Consume the manifest with fsspec + xarray:

import fsspec
import xarray as xr

mapper = fsspec.get_mapper(
    "reference://",
    fo="era5_cube.json",
    remote_protocol="s3",
    remote_options={"anon": True},
)
ds = xr.open_zarr(mapper, consolidated=False)   # lazy, zero-copy

Kerchunk is behind [netcdf-lazy]. to_kerchunk and combine_kerchunk raise a branded ImportError naming the extra when it's absent.

When to use kerchunk vs open_mfdataset#

You want… Reach for
One-off parallel read-and-reduce open_mfdataset
A reusable index other tools can open combine_kerchunk
Cloud data read through xarray/fsspec combine_kerchunk
Only pyramids consumers open_mfdataset

Handing a pyramids lazy array to xarray#

Pyramids deliberately does not register as an engine= for xr.open_dataset. It is a peer of xarray, not a backend beneath it. If your pipeline ends in xarray anyway, use NetCDF.to_xarray() for an eager conversion, or wrap pyramids' lazy array in xr.DataArray yourself:

import xarray as xr

from pyramids.netcdf import NetCDF

nc = NetCDF.read_file("era5_2023.nc")
arr = nc.read_array("t2m", chunks={"time": 24, "lat": 256, "lon": 256})
# arr is a dask.array.Array read via pyramids' CachingFileManager.

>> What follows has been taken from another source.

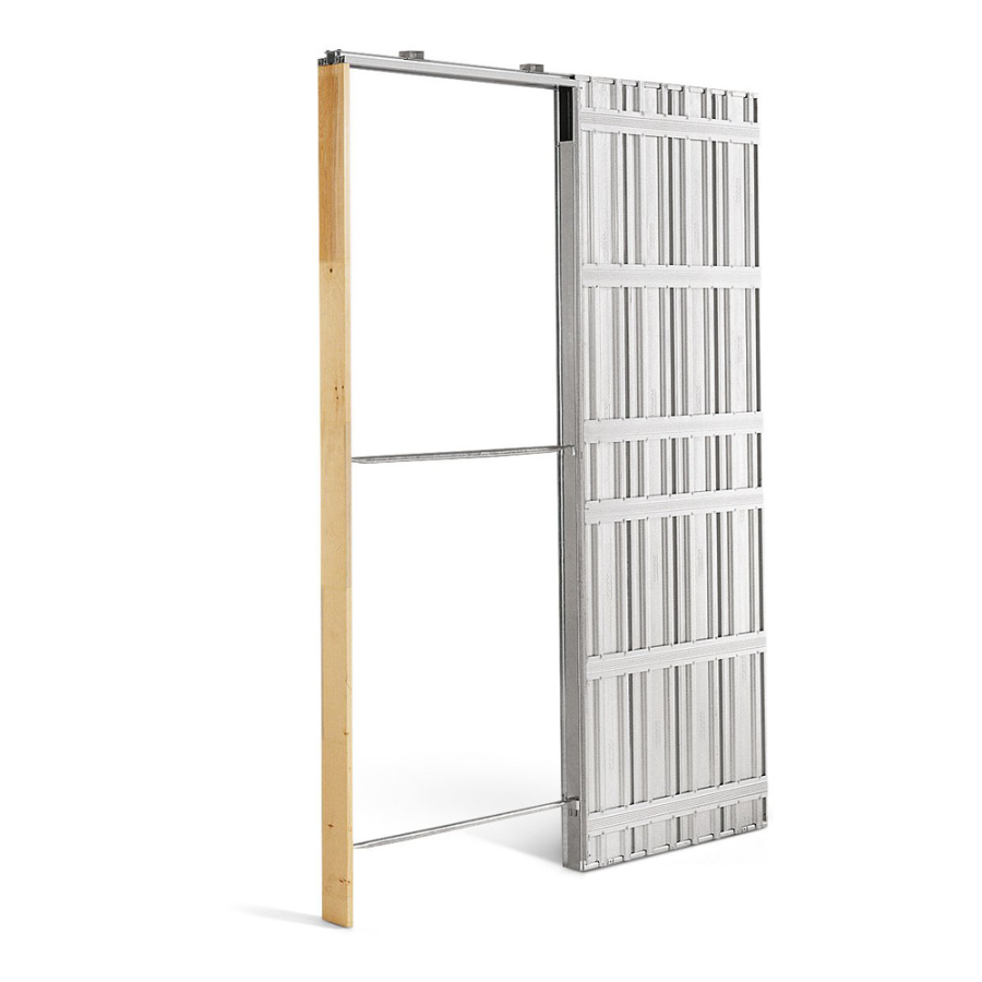 Destinato per parete interna divisoria in cartongesso formata da profili di mm 75/100 con spessore complessivo finito di mm 100/125, ed è idoneo per l'alloggiamento all’interno di una porta (modello anta unica) scorrevole, rigida, a scomparsa, di peso massimo di 120 Kg.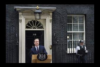 El primer ministro británico, David Cameron, ofrece un discurso a la nación ante el número 10 de Downing Street. (Andy Rain/EFE)

da = xr.DataArray(arr, dims=("time", "lat", "lon"), name="t2m")

You keep pyramids' CachingFileManager + SerializableLock semantics (handle pooling, distributed-safe pickling) on the read side, and xarray's ergonomics on the downstream side — no backend adapter layer in between.

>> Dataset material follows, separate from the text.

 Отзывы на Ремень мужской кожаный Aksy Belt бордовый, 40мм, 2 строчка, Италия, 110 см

Install: [netcdf-lazy] pulls kerchunk + h5py; add the [xarray] extra on top if you want xr.DataArray / .to_xarray() / .from_xarray().

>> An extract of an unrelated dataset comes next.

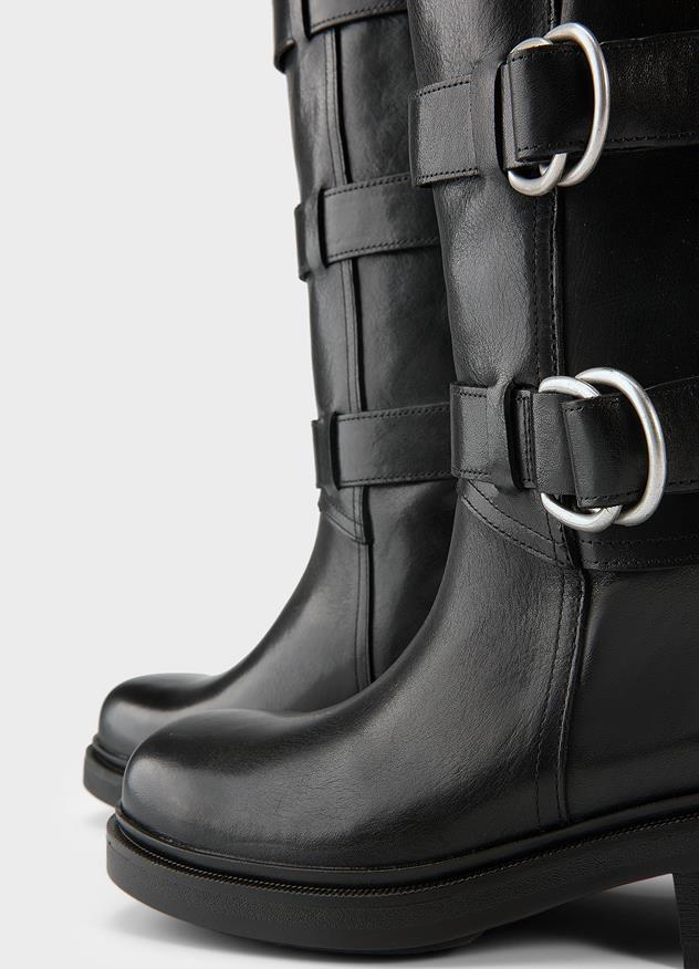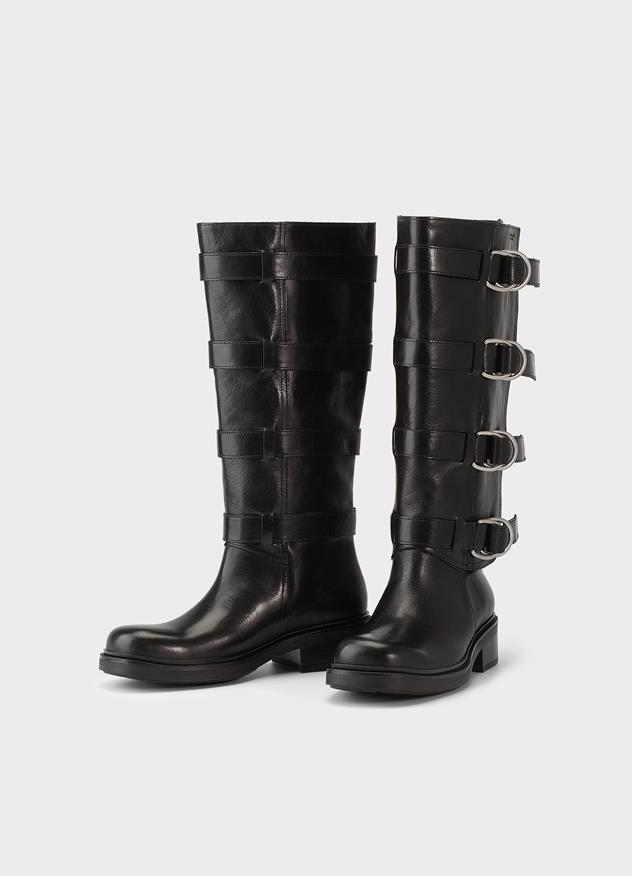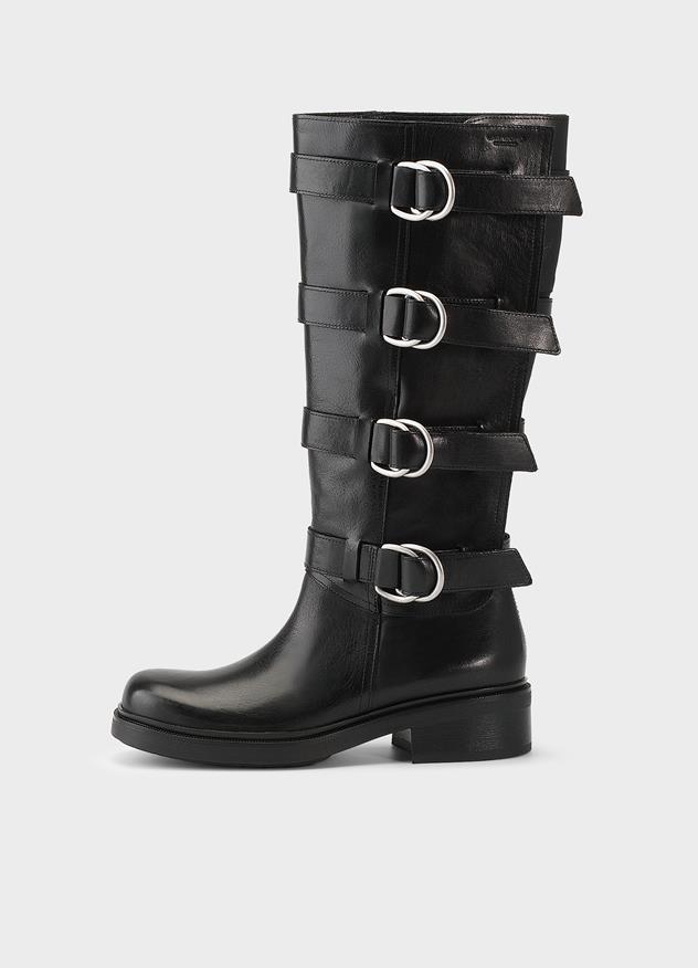 Edition Karlie blends a vintage-inspired look with a bold character. The rounded toe shape and sculpted heel add attitude to the silhouette. The tall boot has a spacious, black-leather shaft with a shrunken effect. The style features decorative straps with double D-ring buckles along the shaft.

A worked pipeline — ERA5 on AWS#

from pyramids import configure
from pyramids.netcdf import NetCDF

configure(cloud_defaults=True, aws={"aws_unsigned": True})

nc = NetCDF.read_file(
    "https://era5-pds.s3.amazonaws.com/2020/01/data/air_temperature_at_2_metres.nc",
)

# 1. Check metadata cheaply.
nc.variable_names

# 2. Read one month, 6 hours at a time, 256x256 spatial chunks.
temp = nc.read_array(
    "air_temperature_at_2_metres",
    chunks={"time": 6, "lat": 256, "lon": 256},
)

# 3. Monthly mean on time axis — builds dask graph.
monthly = temp.mean(axis=0)

# 4. Materialise — single parallel compute.
monthly_np = monthly.compute()

The full notebook at docs/examples/netcdf/dask-lazy-netcdf.ipynb adds plotting, writes the output to a local Zarr store, and demonstrates the equivalent kerchunk-based path.

Minimal-install behaviour#

Calls that need dask raise an ImportError naming the [lazy] extra:

ImportError: dask is required for lazy NetCDF reads; install pyramids-gis[lazy]

Calls that need kerchunk name [netcdf-lazy]. NetCDF.to_xarray() / .from_xarray() name [xarray]. The eager NetCDF.read_array(chunks=None) path is always available and does not touch dask / xarray / kerchunk.

UGRID unstructured grids#

UgridDataset (FVCOM, SCHISM, ADCIRC, Delft3D) is not yet wired to pyramids' lazy stack — it currently uses eager reads throughout. Lazy UGRID is tracked as a follow-on. The docs/examples/netcdf/ugrid/dask-lazy-ugrid.ipynb notebook shows how to layer dask on top of the eager UgridDataset manually using dask.delayed for FVCOM NECOFS OPeNDAP endpoints; that path works today but isn't yet a first-class pyramids API.